5. Examples and Qualitative Observations

NaturalProver routinely produces stepwise proofs for undergrad-level theorems in topology, algebra, and real analysis, including proofs requiring induction, layer-wise application of definitions, or nontrivial reference deployment. Illustrative examples include:

• Singleton sets in topology: Correctly deploys a theorem about isolated points, then invokes the definition of "dense-in-itself."
• Inductive proofs: Successfully identifies and constructs the induction template, then invokes the base and inductive steps with references to previously derived results.

The system can synthesize all steps required for short (2–6 step) proofs and generate plausible next steps or hints useful to mathematics students.

6. Significance, Limitations, and Prospects

NaturalProver experimentally demonstrates that knowledge-grounded neural LMs can operate in mathematical natural language domains—outperforming generic LMs in terms of both correctness and alignment with human mathematical thinking.

Significance:

• Educational utility: Next-step suggestions can underpin intelligent proof assistants or tutoring systems for undergraduate mathematics.
• Bridging formal and informal reasoning: Grounding in explicit references moves generative modeling beyond mere pattern completion, toward structured, checkable argument construction.
• Proof transparency and traceability: The forced inclusion of references, coupled with stepwise decoding, yields proofs readable and auditable by mathematicians.

Limitations:

• Long-chain logical coherence degrades over many proof steps; multi-step symbolic manipulation remains challenging due to error accumulation.
• The model operates primarily at the level of natural mathematical discourse, not formal code; correctness cannot be mechanically verified as in proof assistants.
• Coverage of advanced domains depends on the scope and granularity of the underlying background knowledge (reference library).

7. Context within Broader Research and Future Directions

NaturalProver is situated at the intersection of knowledge-augmented language modeling and automated mathematical reasoning.
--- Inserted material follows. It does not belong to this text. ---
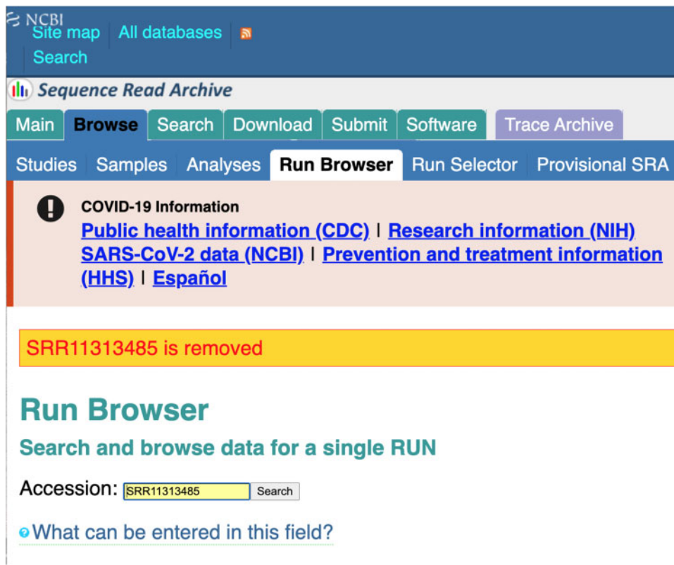
FIG. 1. Accessions from deep sequencing project PRJNA612766 have been removed from the SRA. Shown is the result of searching for “SRR11313485” in the SRA search toolbar. This result has been digitally archived on the Wayback Machine at https://web.archive.org/web/20210502131630/https://trace.ncbi.nlm.nih.gov/Traces/sra/?run=SRR11313485 .

Its methodology aligns closely with the NaturalProofs benchmark (Welleck et al., 2021), and is complementary to systems focused on formal proof generation (e.g., in Lean, Isabelle) or formal-informal translation.
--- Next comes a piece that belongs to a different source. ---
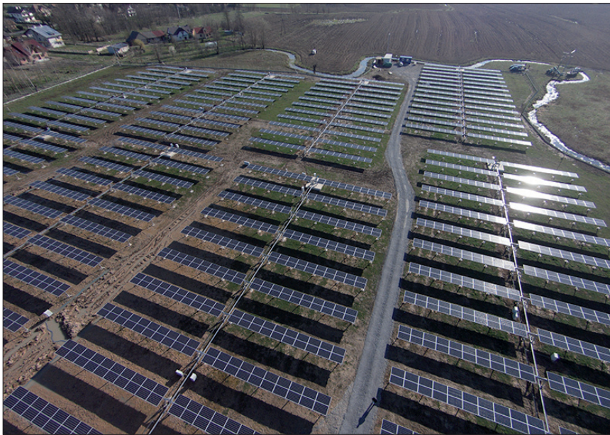
Photo 1. PV power plant in Jadowniki, Malopolskie Voivodeship, Poland.

Future improvements may involve:

• Richer retrieval and grounding using fuller statement content and semantic similarity.
• Integration with formal proof tools for combined natural + formal proof support.
• Enhanced reference selection and reranking to better guide complex proofs.

NaturalProver's approach establishes a baseline and opens research directions for grounding mathematical LLMs in structured mathematical knowledge for improved transparency and reliability in mathematical reasoning tasks.